We contrasted with Fish, which is effectively pretending to "cache" its functions when it is actually reloading its functions. That puts the burden on the user to be extremely careful with their function definitions to avoid issues from reloading. Maybe that is an acceptable burden, but I do not think that it is presented clearly enough to Fish's (potential) users. I have been wary when writing my own Fish functions, so I can readily believe @krader1961 when he describes the potential horror of that "cacheing".

I am a little concerned about the discussion getting argumentative and heated. That is not my desire, nor does it serve the community. Of course, the tech industry is nonetheless famous for it. I am trying--for my part--to limit it. My primary concern is the user experience, mine as well as others.

As a general rule-of-thumb from widespread experience, each issue actually raised directly by a user is known to be representative of many more silent users that encountered the same issue but will never report it. How many more silent users exist is debated, but the various measures and educated guesses seem to range from about ten to as many as a thousand silent users for EACH user that actually complains directly.

Here are some references based on a Google search of "how many customers have the same complaint", in no particular order:

I acknowledge that much of what I present and say is likely unique to me in many--if not most--ways. However, please consider that I am also representative of numerous other users in some--perhaps many--of the issues I try to address.

xiaq commented 2 years ago

Hi, thanks for your interest in Elvish.

I'll expand the documentation for use a bit to hopefully make its behavior clearer. The relative import mechanism is loosely modelled after TypeScript's. It's mainly intended to make it easier for a script or a module to import another module.

Can Elvish be the language of that essential "glue" that turns a bunch of individual tools into a seamless Continuous Deployment pipeline?

In general being "glue" is the appeal of shell languages, so I'd say yes. Not 100% about how well this will fit into CD pipelines in particular though.

Will the Elvish community be willing to embrace an audience that is attempting to build and support such pipelines across workstations, VMs, containers, and clouds around the world?

Whether Elvish will adopt certain features depends more on someone devoting the time and energy to come up with a concrete design and implementation (and having it reviewed by me) than community consensus. I think most people wouldn't mind Elvish getting cross-machine functionalities as long as it doesn't degrade their current workflows of working on one machine at a time.

Personally I've been playing with the idea of allowing Elvish to transparently invoke commands on a remote machine, kind of like Emacs's "tramp mode". Processes are a bit more complex than files but the difficulty is probably surmountable. It's not my priority though.

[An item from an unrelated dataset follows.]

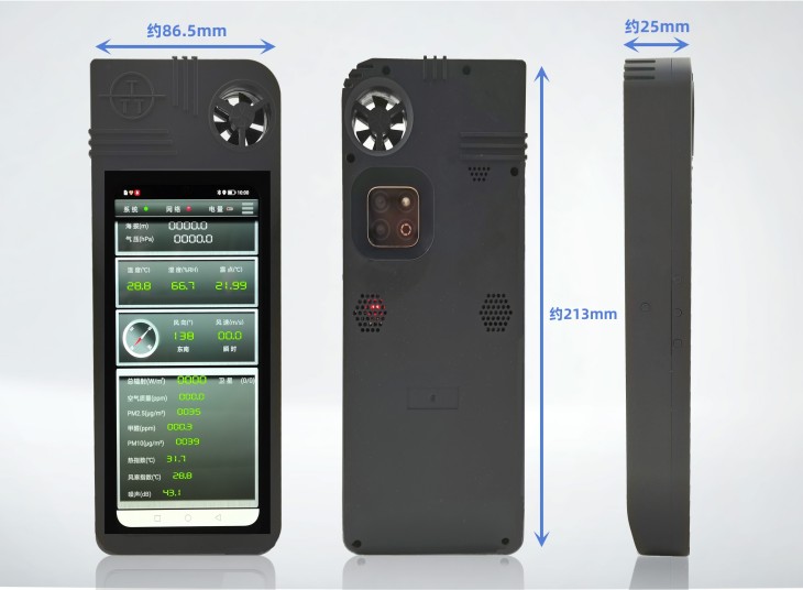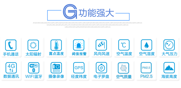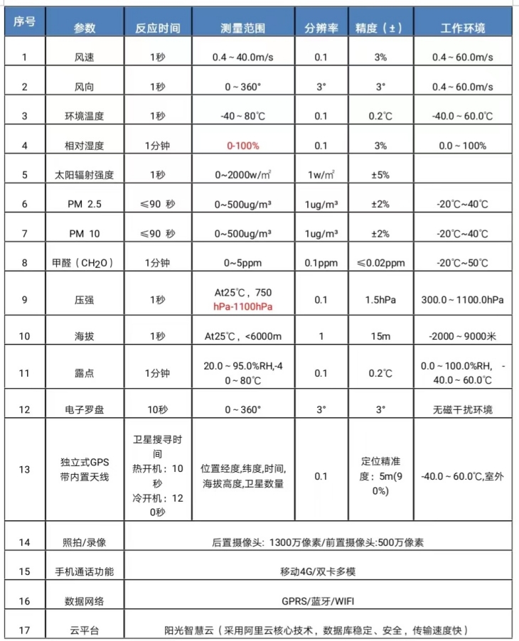 測量要素為:風(fēng)速,風(fēng)向,環(huán)境溫度,環(huán)境濕度,氣壓,太陽輻射,風(fēng)寒指數(shù),熱指數(shù),露點,海拔高度,位置經(jīng)度緯度,電子羅盤,時間,空氣質(zhì)量、PM2.5、PM10、甲醛、照拍/錄像 , 手機(jī)通話功能 , GPRS無線數(shù)據(jù)網(wǎng)絡(luò),數(shù)據(jù)云平臺。
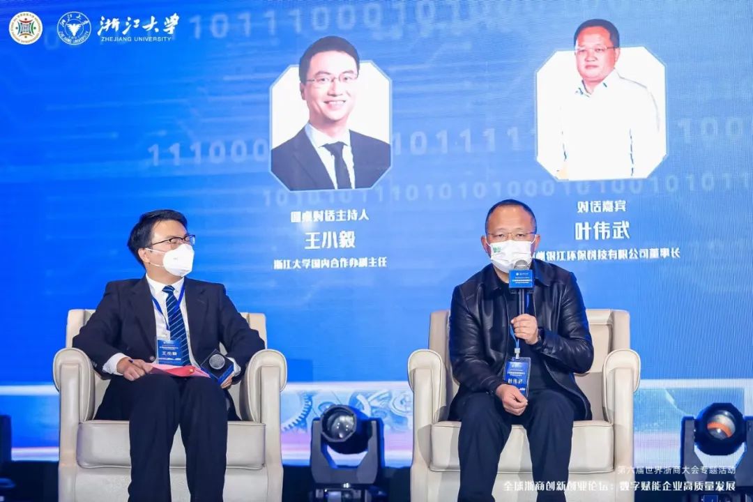 2022年12月23日上午,由浙江大學主辦的第六屆世界浙商大會專題活動——“全球浙商創(chuàng)新創(chuàng)業(yè)論壇:數(shù)字賦能企業(yè)高質(zhì)量發(fā)展”在黃龍飯店舉辦。銀江環(huán)保葉偉武董事長作為圓桌對話嘉賓參加了該會議。

xiaq commented 2 years ago

And regarding this point in particular:

The target audiences are site reliability engineers (SREs), DevOps (and DevSecOps) engineers, and developers in general. My hope is to address a massive opportunity that I perceive regarding the techniques, the tools, and the examples that currently exist.

Ilya Sher and Andy Chu have both written a lot on the potential of shell in the cloud age. One may feel that at this point we should already have a really mature "cloud-native" shell - AWS's EC2 and S3 were launched in 2005 - but we don't really have that.

I think It's just because the intersection of people with advanced, custom Cloud workflows and the people capable of designing and implementing a shell language is too small. I'm certainly not in the former set. (Andy Chu would probably say it's because other people are doing it wrong by not providing an upgrade path from Bash though ;-)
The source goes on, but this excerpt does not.